Sharma Sonia G, Levine Steven N, Yatavelli Rajini K, Shaha Manish A, Nathan Cherie Ann O
Department of Medicine, Division of Endocrinology, Diabetes and Metabolism, Louisiana State University Health Sciences Center, Shreveport, Louisiana.
Department of Otolaryngology-Head and Neck Surgery, Louisiana State University Health Sciences Center, Shreveport, Louisiana.
J Endocr Soc. 2020 Feb 5;4(3):bvaa015. doi: 10.1210/jendso/bvaa015. eCollection 2020 Mar 1.
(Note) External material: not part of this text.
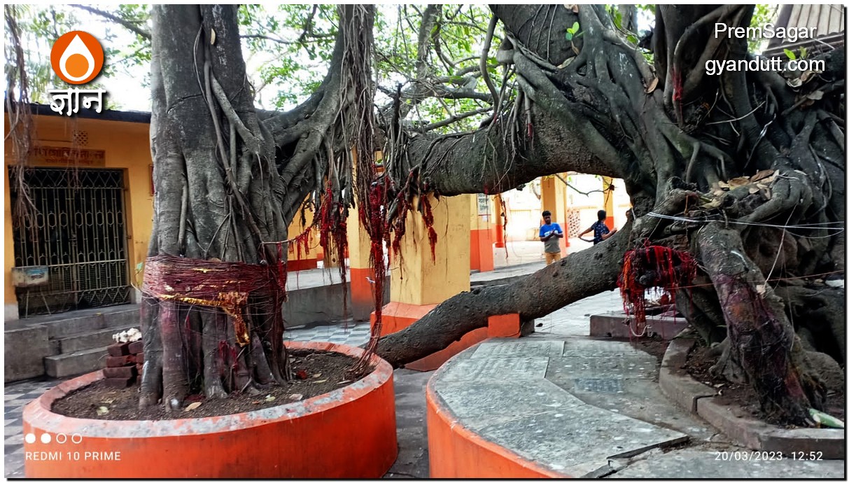 मंदिर परिसर में वृक्ष भी है और उसपर लिपटे मनौती के धागे भी। भक्तिमय वातावरण है वहां। भक्ति है, भय नहीं है।

Primary hyperparathyroidism is not commonly diagnosed during pregnancy. For pregnant women with mild, asymptomatic disease, surgery can be avoided unless the degree of hypercalcemia becomes more severe or they develop complications. However, there are no evidence-based guidelines to assist clinicians regarding the management of primary hyperparathyroidism during pregnancy. When surgery is deemed necessary during pregnancy, the second trimester is generally considered to be the optimal time. We report the case of a 31-year-old female G1P0 who presented at 6 weeks gestation with symptoms of nausea, vomiting, polyuria, and corrected calcium of 14.8 mg/dL. Due to the extreme degree of hypercalcemia and refractory to medical treatment, it was decided that surgery could not be delayed until the second trimester. At 7w3d gestational age the patient had resection of a 37 gram, 5 × 4 × 3 cm right inferior parathyroid adenoma.
原发性甲状旁腺功能亢进症在孕期并不常见。对于患有轻度无症状疾病的孕妇,除非高钙血症程度加重或出现并发症,否则可避免手术。然而,目前尚无循证指南可协助临床医生处理孕期原发性甲状旁腺功能亢进症。当孕期认为有必要进行手术时,孕中期通常被视为最佳时机。我们报告一例31岁初孕女性,孕6周时出现恶心、呕吐、多尿症状,校正血钙为14.8mg/dL。由于高钙血症程度极重且药物治疗无效,决定手术不能推迟至孕中期。孕7周3天时,患者切除了一个重37克、大小为5×4×3厘米的右下甲状旁腺腺瘤。